Short Thoughts Vol. 1

I saw a blog post that included a comic making fun of the idea that Huckleberry Hound and Yogi Bear were “adult cartoons”, as they were advertised in the 60’s. This seems silly considering the shows but the idea that cartoons and animation were purely the domain of children’s media is purely a product of the 80’s. That’s when American television animation doubled down on being toy advertisements because Reagan loosened TV regulations on programs aimed at kids. Allowing companies to target kids with shows produced as cheaply as possible with equally poor animation and stories to match solely to get them to buy. The 80’s is often considered the nadir of American animation. Some people now fondly remember the original 1985 ThunderCats, as the recent controversy about the design suggests, but that’s mostly nostalgia with that shows production standards being middling at best with production outsourced to cheaper Japanese animators.
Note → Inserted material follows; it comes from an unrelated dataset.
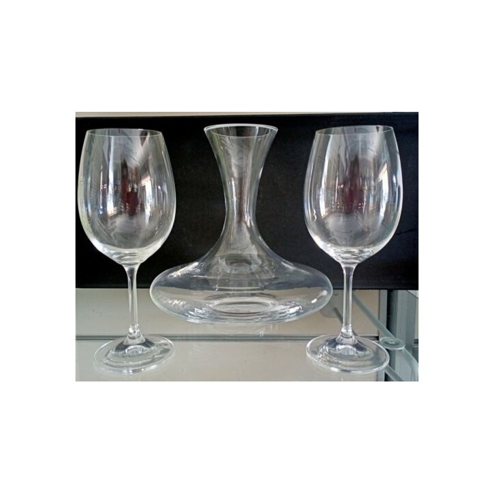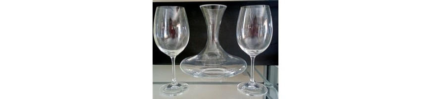 dimensioni: Calici= h21cm Ø 6,5cm - Capacità : 350 ml; Decanter h22cm Ø22cm - Capacità 1,35cl

The Audience of Classic Disney

Theses days classic Disney films as primarily thought of children’s entertainment but many of the Disney films from the 30’s through 50’s like Snow White were meant for a wider audience. The style of animation used in Golden Age Disney films was extremely labor intensive and expensive. Walt Disney basically bet the studio on Snow White which cost nearly $1.5 million (about $26 million in 2018 dollars) to produce, at the time only major films from MGM, the most lavish of classic Hollywood studios, cost more to make and for films that had a run time of 2+ hours not 83 minutes. The ballooning expanse is also why Disney abandoned that production style after Sleeping Beauty.

Steven Universe’s Broadcast Schedule

Sometime ago I watched Steven Universe and while researching the show the broadcast times stuck out. For a show of its popularity, and new episodes get pretty good ratings, Steven Universe is pretty rarely on television, during season 5 of the show new episodes were broadcast at 7:30 pm to 8 and reruns every weekday at 6 am. This is baffling if you’re familiar with the show from its loud, and pretty large, online presence until you look at the shows around that time slot and suddenly things become clearer, specifically the nighttime adult animation block which starts at 8pm and runs until 6 am. A block that starts either after new Steven Universe airs or ends before the reruns of Steven Universe airs. Steven Universe doesn’t get endlessly rerun like Teen Titans GO due to former’s audience being older than Cartoon Networks target demographic.

It will be interesting to see how Steven Universe is remembered down the line in this respect, because so much of the fondness for shows like Doug was a result of kids watching endless reruns of them. Its why I remember Xena despite not having seen it years because it was on broadcast television all the time when I was growing up. Although Steven Universe is also available online so maybe it won’t matter as much.